Why should you use CLIP (DLS) technology for your next project?
Posted By Kat Plewa on Mar 27, 2019 | 0 comments
Are you starting a new 3D printing project and you’re unsure about the technology you should use? Or maybe you’re new to Additive Manufacturing? Let us introduce you to one of the most effective and highly precise 3D printing technologies: CLIP (DLS) by Carbon.
Did you know that industry giants such as Adidas and Ford already use CLIP (DLS)? How can you achieve strong and highly complex projects with CLIP (DLS)? Do you need flexible parts? That’s not a problem for CLIP (DLS). What are your other material options? Get ready to discover a groundbreaking technology used by giants such as Adidas and Ford!
How does DLS work?
We recently talked about 100 times faster 3D printing with light. CLIP (DLS) is also using digital light projection to achieve the best quality of printing. Indeed, the surface of the object produced with CLIP (DLS) is one of the best. How is it possible?
CLIP (DLS) parts are produced in two stages. Firstly, the 3D model is sent to the 3D printer. The machine produces the parts in liquid resin with digital light projections and oxygen permeable optics, solidifying the resin in the shape of your model, layer by layer. Parts produced with CLIP (DLS) are very strong and durable thanks to the second stage: curing.
After the object is 3D printed, it is then baked in a revolutionary CLIP process which allows for a chemical reaction and the particles of the resin clip together giving the object mechanical properties at an engineering-grade.
Who is already using CLIP?
As we already gave you a little sneak peek, Adidas and Ford, leaders in their industries, are already utilizing CLIP (DLS) to their benefit. But you can expect even more, as companies such as Lamborghini invest in CLIP (DLS). Why did they choose this 3D printing technology? Let’s find out!
First ever 3D printed Football helmet
We already mentioned this project in our sports safety article, but it’s worth coming back to it. Riddell is a sports safety company who reaches for the latest innovations to provide their athletes with the highest protection and standards. That’s why they partnered with Carbon.
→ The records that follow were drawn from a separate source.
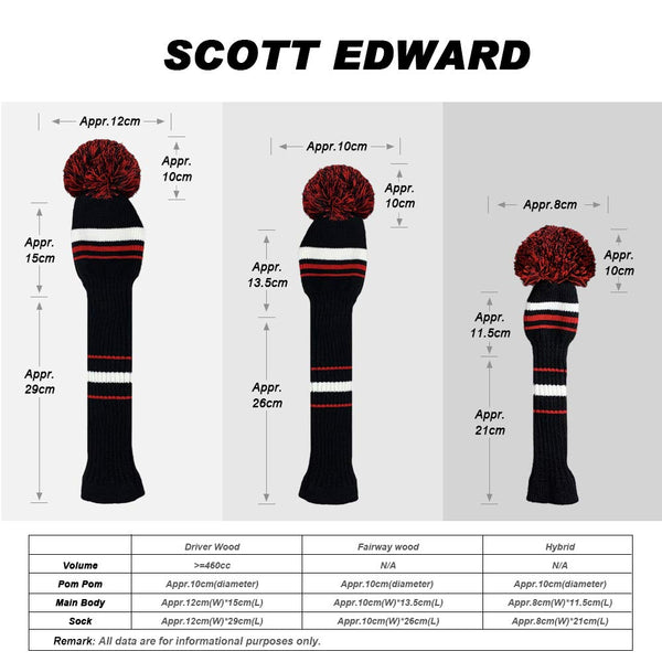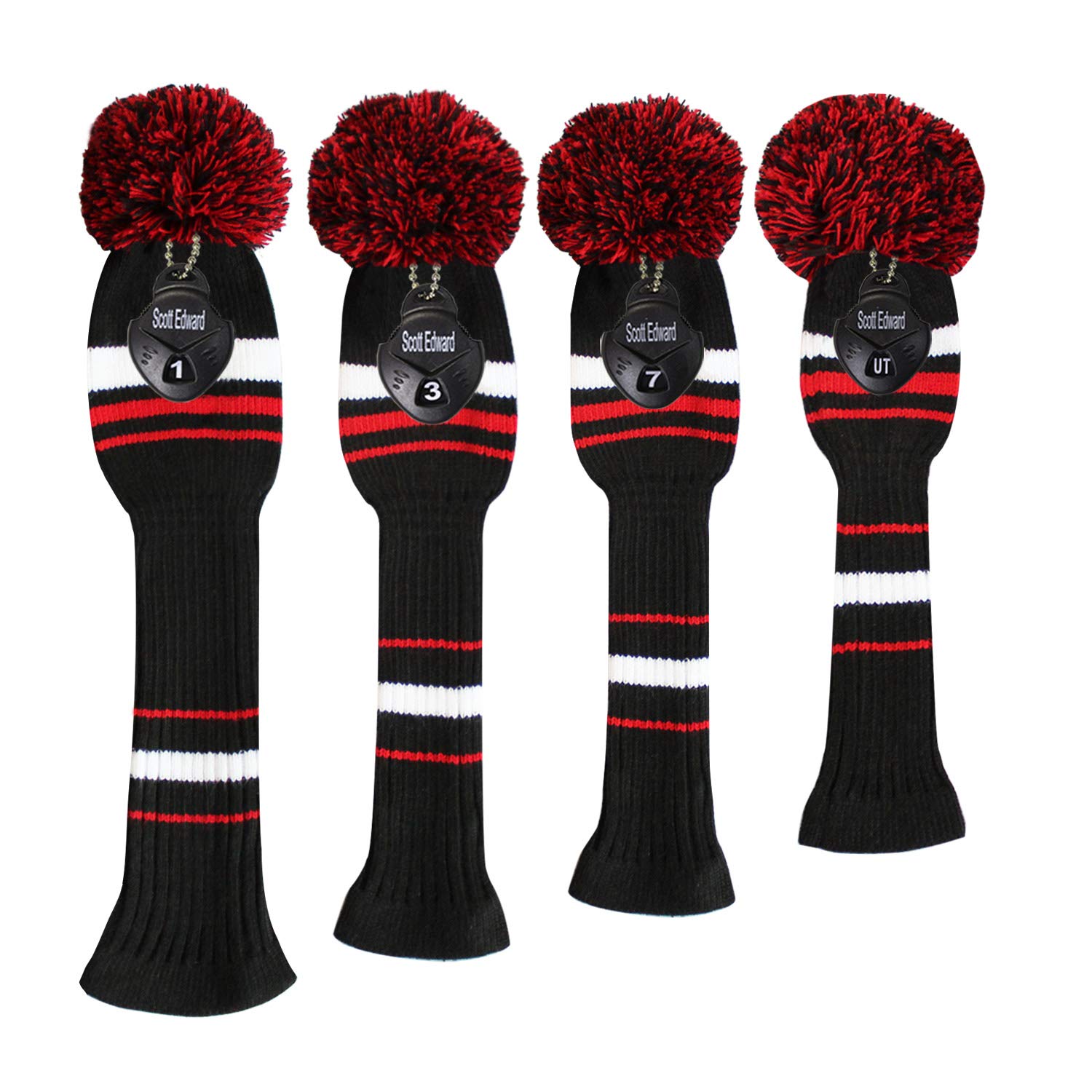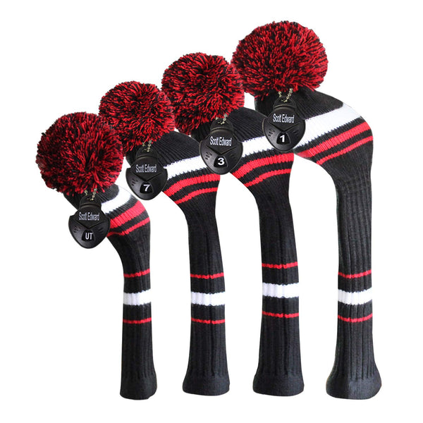 Scott Edward Black White Red Stripes Golf Headcover Set 4 For Driver Wood/Fairway Wood And Hybrid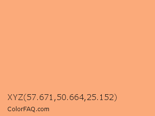 XYZ 57.671,50.664,25.152 Color is a light orange color and the nearest color is Very Light Tangelo #ffb077. Hex code #fbaa7a and RGB value is rgb(251,170,122). In RGB color space, this color is composed of 98% red, 67% green, 48% blue, In CMYK color space, this color is composed of 0% cyan, 32% magenta, 51% yellow , 2% black , In HSL color space, this color has a hue angle of 22° , 94% saturation and 73% lightness.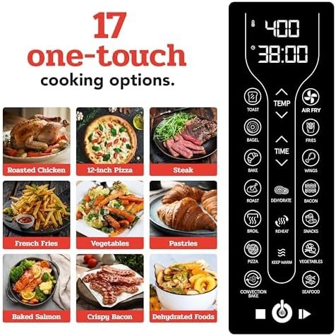 Multi-Use Cooking Power – Air fry, bake, broil, roast, dehydrate, and toast with 17 presets for easy cooking, from crispy fries to roasted chicken and fresh-baked pizza
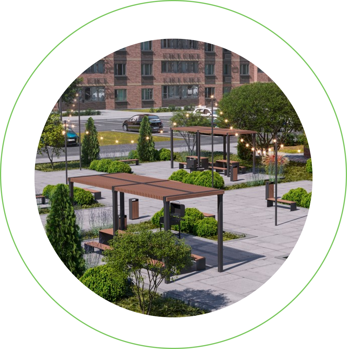 Почти 2 га территории выделено под благоустройство и озеленение.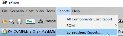 Export this to Excel by opening the relevant comparison report in aPriori and then selecting the Cost Comparison Report from the Spreadsheet report list:

The collaboration gave life to first the world’s first 3D printed football helmet. Thanks to Additive Manufacturing, Riddle was able to reach a level of customization impossible with traditional technologies. Each helmet is fitted perfectly the user’s head, giving him ultimate impact protection while providing excellent comfort.
Super fast production worthy of Lamborghini’s speed
Everyone knows Lamborghini- the exclusive super sports car manufacturer. They saw the potential of CLIP (DLS) when it comes to the speed of production. But not only that, CLIP (DLS) was also attractive for Lamborghini because 3D printed parts are also lightweight and durable. Lamborghini wanted to reduce the number of components of their Super SUV, the Urus.
In collaboration with Carbon, they redesigned the fuel cover and air duct split. The 3D printed objects presented great impact strength, as well as high-pressure and temperature resistance. Now, the two companies are working on optimizing interior components, mirror assembly parts, and other accessories for Additive Manufacturing.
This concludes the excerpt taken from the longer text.